Ia menegaskan proses hukum tidak semestinya berhenti hanya pada empat mahasiswa yang kini telah divonis.
“Nah oleh karena itu kami berharap jangan sampai hanya keempat mahasiswa saja, tapi ada yang lain juga,” imbuhnya.
Meski menghormati independensi majelis hakim, Paulinus mengaku pihaknya sebenarnya berharap para terdakwa memperoleh putusan lepas dari segala tuntutan hukum (onslag van alle rechtsvervolging), bukan hukuman pidana.
Menurut dia, tindakan para terdakwa memang terjadi, namun tidak semestinya dikualifikasikan sebagai tindak pidana.
“Yang kami inginkan harusnya hari ini adalah putusan dilepaskan. Perbuatannya ada, tindakan melakukan itu ada, tapi menurut kami bukan perbuatan pidana,” ujarnya.
Ia menilai, apabila seluruh fakta persidangan dan pendapat ahli dipertimbangkan secara menyeluruh, para terdakwa semestinya dibebaskan dari pidana.
“Kalau secara keseluruhan fakta persidangan yang disampaikan ahli dipertimbangkan, saya rasa para terdakwa ini harusnya dilepaskan, bukan divonis satu bulan,” katanya.
Kasus ini bermula dari penemuan 27 botol bom molotov di sekretariat mahasiswa Program Studi Sejarah Fakultas Keguruan dan Ilmu Pendidikan (FKIP) Universitas Mulawarman pada 31 Agustus 2025, menjelang aksi demonstrasi di depan Gedung DPRD Kaltim.

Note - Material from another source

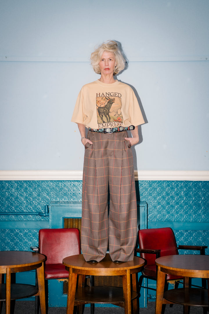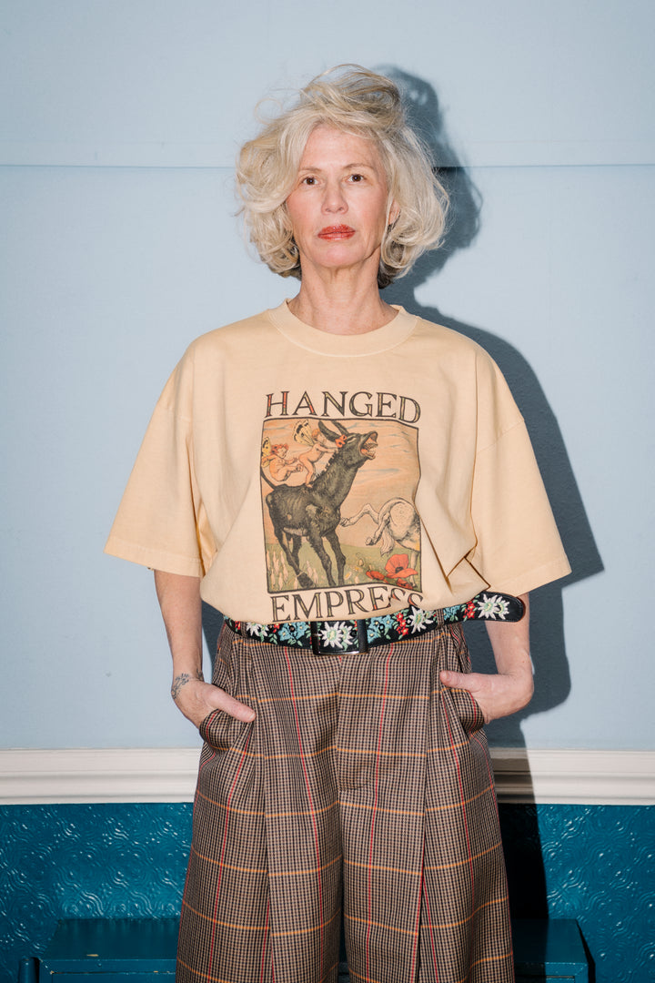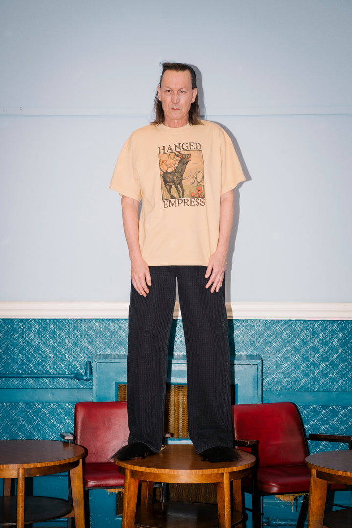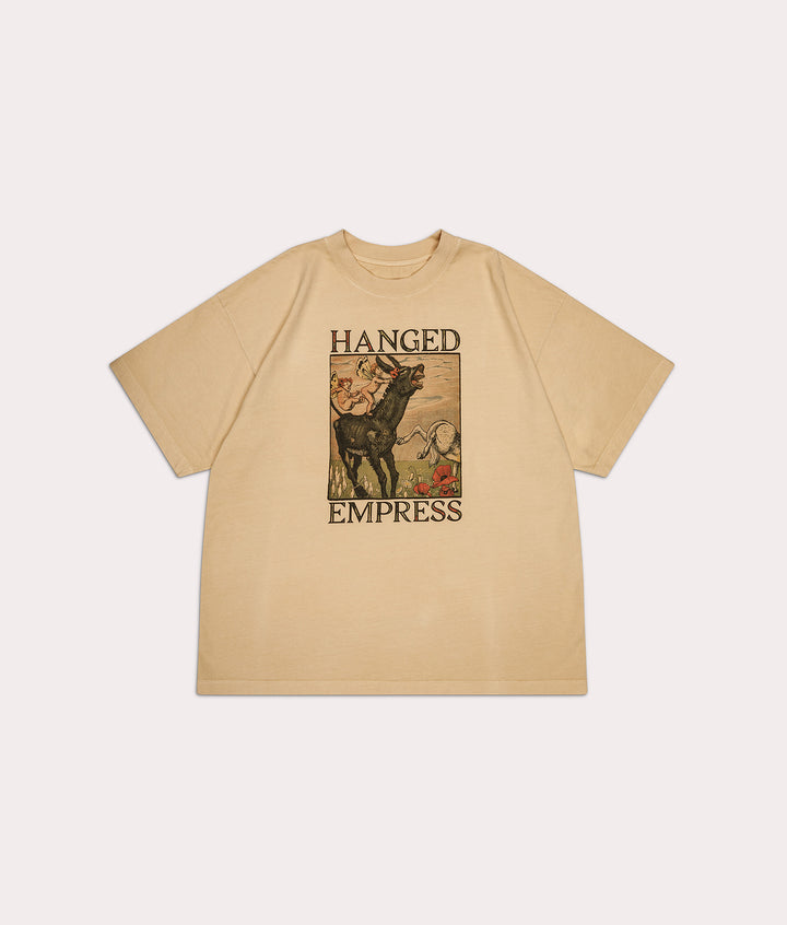 Cut from our signature Italian cotton jersey: 230g, soft yet sturdy, garment-washed for that lived-in feel from day one. The antique-inspired print pairs the bold Hanged Empress logo with a scene that’s more mischief than miracle, applied with Direct to Garment printing so every wingbeat, poppy, and kick stays sharp through time, trials, and a good old-fashioned air dry.

Dalam dakwaannya, Jaksa Penuntut Umum (JPU) menguraikan para terdakwa diduga terlibat dalam pembuatan bom molotov yang rencananya akan digunakan saat aksi demonstrasi pada Agustus–September 2025.
Dari hasil penggeledahan, polisi mengamankan sejumlah barang bukti berupa 27 botol bom molotov berbahan botol kaca berisi pertalite dengan sumbu kain, 12 lembar kain perca, dua petasan, satu gunting besar, satu gunting kecil, serta sejumlah barang lain yang berkaitan dengan pembuatan bahan peledak rakitan.
Atas perbuatannya, para terdakwa dijerat dengan Pasal 187 bis KUHP juncto Pasal 55 ayat (1) ke-1 KUHP serta Pasal 1 ayat (1) Undang-Undang Darurat Nomor 12 Tahun 1951 juncto Pasal 55 ayat (1) ke-1 KUHP.
Paulinus juga menyampaikan apresiasi, kepada majelis hakim, jaksa penuntut umum, dan seluruh pihak yang terlibat selama proses persidangan.
“Kami membela kepentingan hukum klien, jaksa membela kepentingan hukum negara. Itu hal yang biasa,” ujarnya.
Ia memastikan, keputusan akhir tim hukum terkait menerima putusan atau mengajukan banding akan diumumkan dalam tujuh hari ke depan.
“Nanti kami akan sampaikan kepada media apakah menerima putusan tersebut atau mengajukan banding ke Pengadilan Tinggi Kalimantan Timur,” pungkasnya.